◆ **Assignment**
If a record contains a picture, skip the picture and transcribe the rest exactly.

◆ **Stored items from a collection**
○ ○ ○ ○ ○ ○ ○

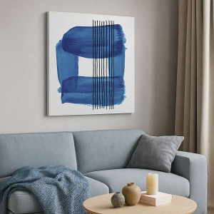 Impression sur toile - Image sur toile - Motif abstrait dans des tons de bleu avec des lignes noires - 50x70cm - Composition noire-bleue - Décoration murale moderne pour le salon et la chambre ARTTOR
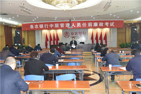 2月12日下午,按照我行党委安排,监察室组织42名中层管理人员进行了任前廉政考试。试题设计了“应知应会、案例分析、结合实际谈尽责”等内容,重点考查了参考人员对《党章》、《廉洁自律准则》、《纪律处分条例》和《党内监督条例》等党纪法规的学习掌握情况。大家一致认为,这次考试既是一次学习提高的机会,更是一次对标看齐的过程,充分体现了我行党委对员工在政治上的关心厚爱。通过廉政考试,进一步规范了我行中层管理人员选拔任用与监督工作程序,强化了廉洁自律的自觉性和责任感,提高了廉政教育时效性,对促进全行党风廉政建设起到了积极作用。
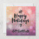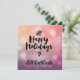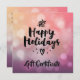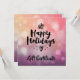 Este elegante design incorpora um fundo de gradiente rosa e roxo e alguns pontos brancos e nebulosos. Mensagem de Black Happy Holidays, uma condecoração, um coração negro e alguns pontos pretos.
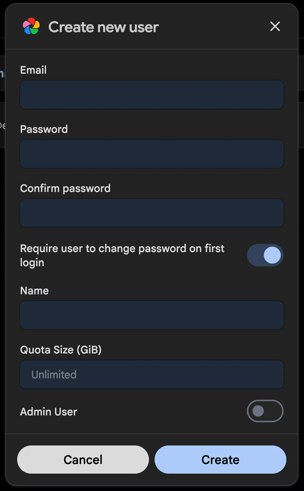 On the Administration > Users page, you can click on the Create user button, and you'll be presented with the following dialog:
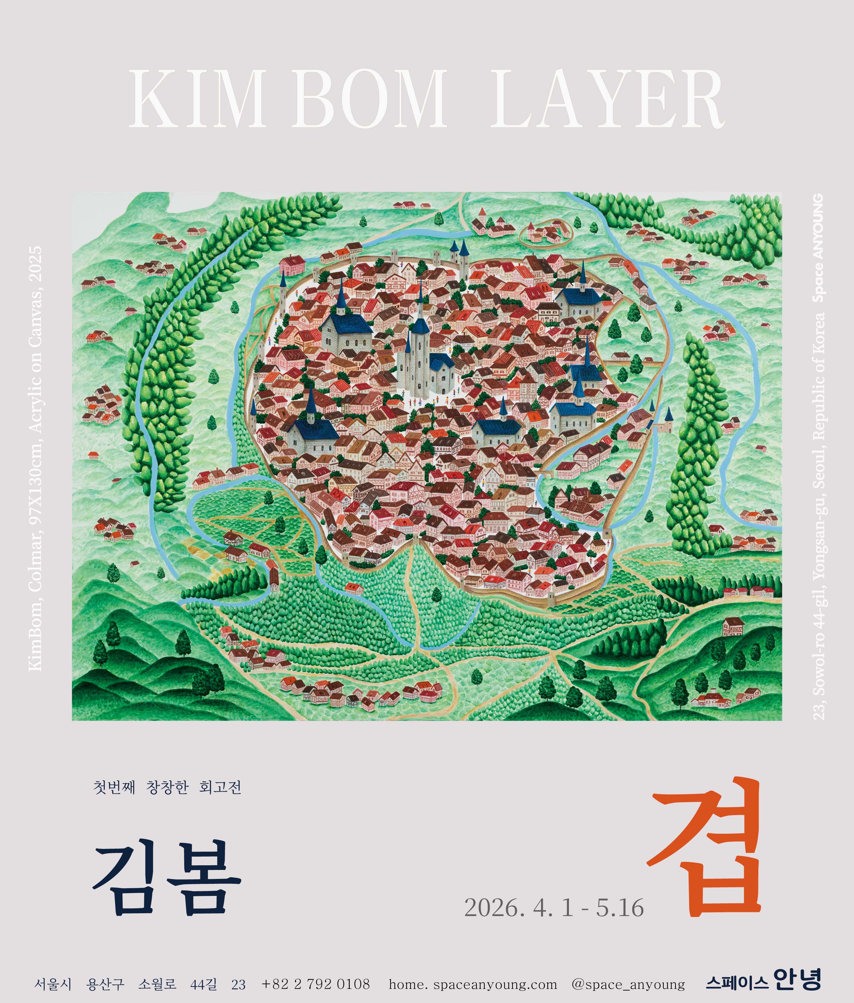 - 스페이스 안녕의 첫번째 '창창한 회고전'으로 김봄의 2000년대 초반부터 최근 작품까지 보실 수 있는 전시입니다. 김봄의 조립된 산수, 그림지도, 나무 연작, 해외 풍경 시리즈 등 20점을 모아 전시합니다.
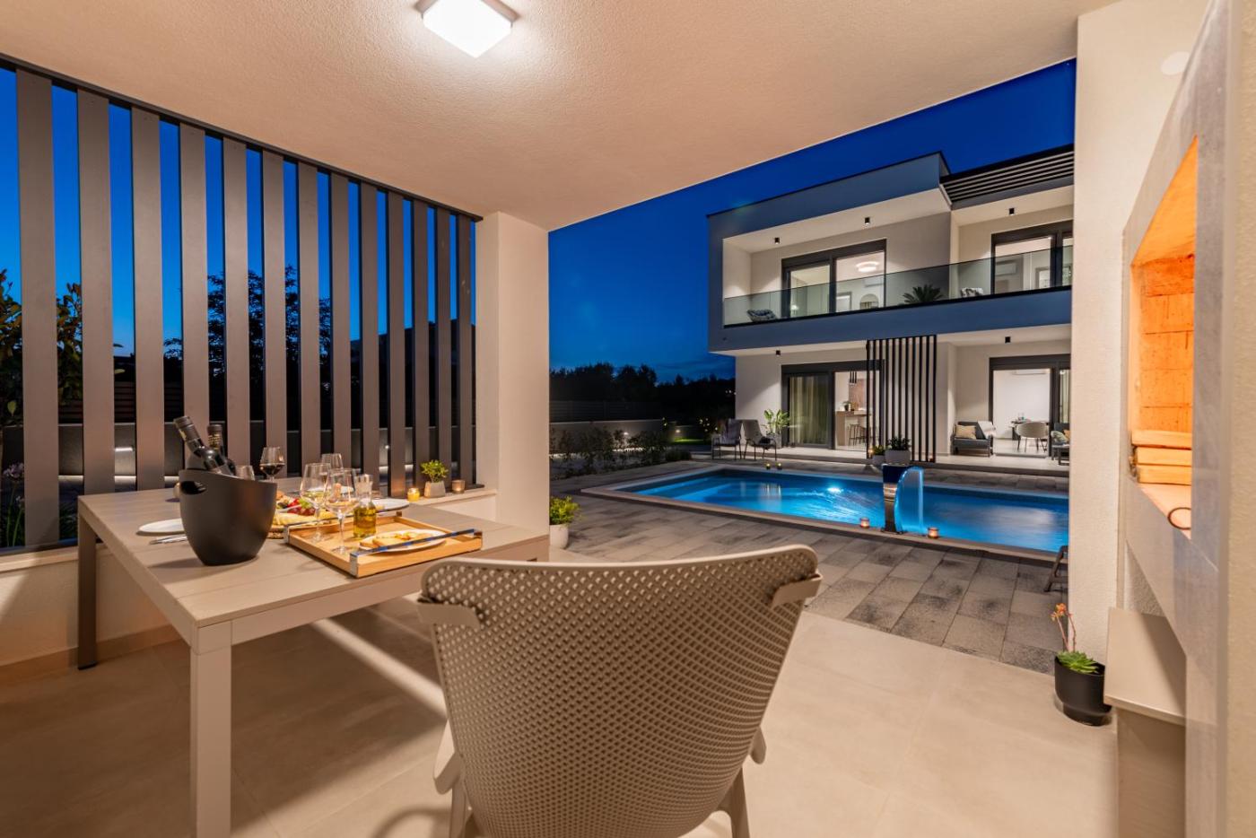Featuring air-conditioned accommodation with a private pool, pool view and a balcony, Modern 4BR Private Villa - Pool, Jacuzzi, Gaming Room is located in Bibinje. This property offers access to a terrace, table tennis, free private parking and free WiFi. The villa has an outdoor fireplace and a hot tub.

○ ○ ○ ○ ○ ○ ○

◆ **Exercise response**
 Impression sur toile - Image sur toile - Motif abstrait dans des tons de bleu avec des lignes noires - 50x70cm - Composition noire-bleue - Décoration murale moderne pour le salon et la chambre ARTTOR
 2月12日下午,按照我行党委安排,监察室组织42名中层管理人员进行了任前廉政考试。试题设计了“应知应会、案例分析、结合实际谈尽责”等内容,重点考查了参考人员对《党章》、《廉洁自律准则》、《纪律处分条例》和《党内监督条例》等党纪法规的学习掌握情况。大家一致认为,这次考试既是一次学习提高的机会,更是一次对标看齐的过程,充分体现了我行党委对员工在政治上的关心厚爱。通过廉政考试,进一步规范了我行中层管理人员选拔任用与监督工作程序,强化了廉洁自律的自觉性和责任感,提高了廉政教育时效性,对促进全行党风廉政建设起到了积极作用。
 Este elegante design incorpora um fundo de gradiente rosa e roxo e alguns pontos brancos e nebulosos. Mensagem de Black Happy Holidays, uma condecoração, um coração negro e alguns pontos pretos.
 On the Administration > Users page, you can click on the Create user button, and you'll be presented with the following dialog:
 - 스페이스 안녕의 첫번째 '창창한 회고전'으로 김봄의 2000년대 초반부터 최근 작품까지 보실 수 있는 전시입니다. 김봄의 조립된 산수, 그림지도, 나무 연작, 해외 풍경 시리즈 등 20점을 모아 전시합니다.
Featuring air-conditioned accommodation with a private pool, pool view and a balcony, Modern 4BR Private Villa - Pool, Jacuzzi, Gaming Room is located in Bibinje. This property offers access to a terrace, table tennis, free private parking and free WiFi. The villa has an outdoor fireplace and a hot tub.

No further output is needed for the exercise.